There are some tips, and drawbacks, that nature lovers and pet lovers are quick to agree upon. First, you want to be sure to keep your dog and cat compost separate from any other kitchen waste compost bin. Second, avoid using the pet compost on garden vegetables as the waste contains highly toxic pathogens that the average garden compost cannot break down. This is true, even after dog or cat compost has matured. Third, be sure to keep your homemade dog or cat compost away from ponds, wells or other water sources.
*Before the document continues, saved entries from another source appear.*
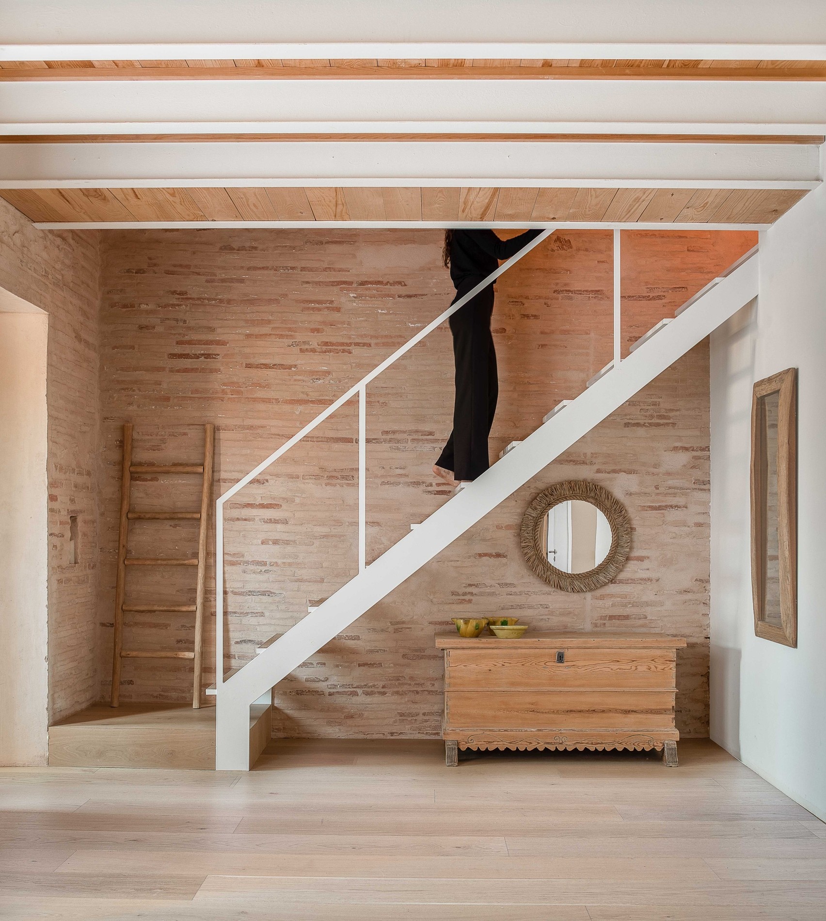 Horní byt je koncipován jako mezonet, přičemž hlavní obytná zóna se nachází v prvním patře. Schodiště vede do podkroví, kde se otevírá obytný prostor pod šikmou střechou. Foto: Jorge Peiró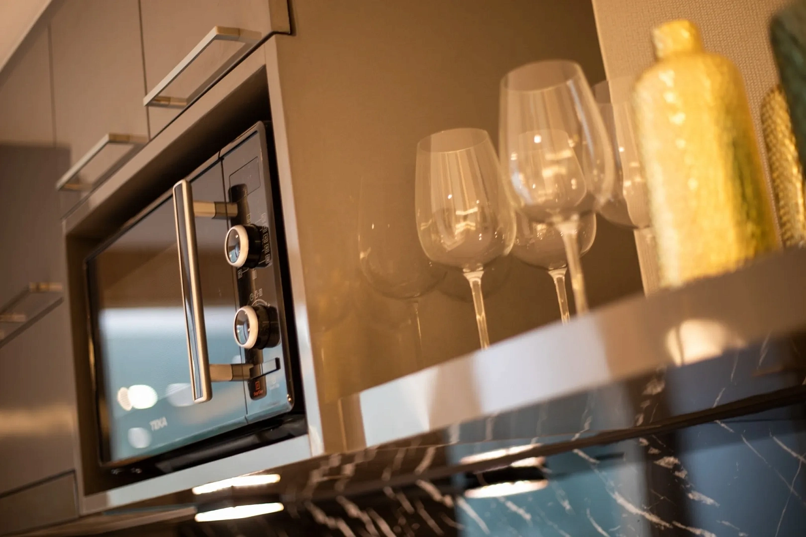 - Встроенная кухня с базовой техникой (плита и вытяжка)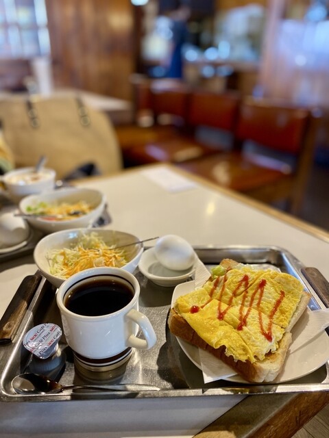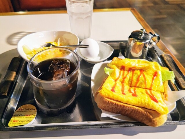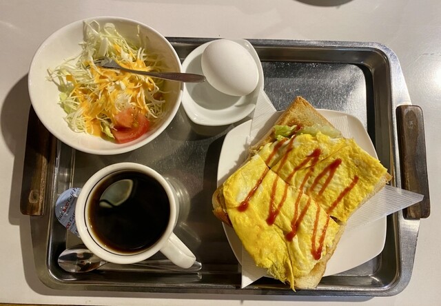 アイスコーヒー400円 モーニングBセット エッグトースト(飲み物・ゆで卵・サラダ付き)50円 無料のモーニングはトーストか、ゆで卵しか無いが、課金モーニングはトーストサラダ... 詳細を見る

Compost is created to enrich the soil for plant life, and its bin should be made of wire or plastic. Suggestions from pet experts call for taking a plastic garbage bin, drilling about a dozen holes into its side, and cutting out the bottom, so it stands as an upright cylinder. You then dig a hole deep enough to bury the bin, nearly to the top, allowing enough room for the lid to be snapped in place. Two to three inches of rock in the bottom of the bin provides drainage, and then add the pet feces, a septic starter (available in most supermarkets) and water. A “greener” compost is possible by adding sawdust instead of septic starter (basic rule is two parts of waste for every one part of sawdust). After placing the lid on the bin, all that is left is to add poop as it becomes available – which we know is daily.

Others recommend adding grass clippings to the dog waste for the effect of a high-nitrogen “green” material. When an appropriate carbon source is added to that mix, an effective composting material is created. Once the compost has matured for a few months, it is ready to spread and enrich the soil

While more pet owners are considering composting bins in their own backyards, it is also becoming more common to see groups take on composting projects to help the environment in their neighborhoods, at dog parks or doggie daycare centers. The next trend, quite likely, will be enterprising capitalists who would charge a weekly fee to pick up dog poop and compost it.

As an example of a city taking on pet waste composting, Tails magazine reported that municipal officials in Montreal, Canada, have been composting dog waste since 2004. The results? Approximately a ton of dog waste and 7,000 plastic bags are diverted from the landfill each year.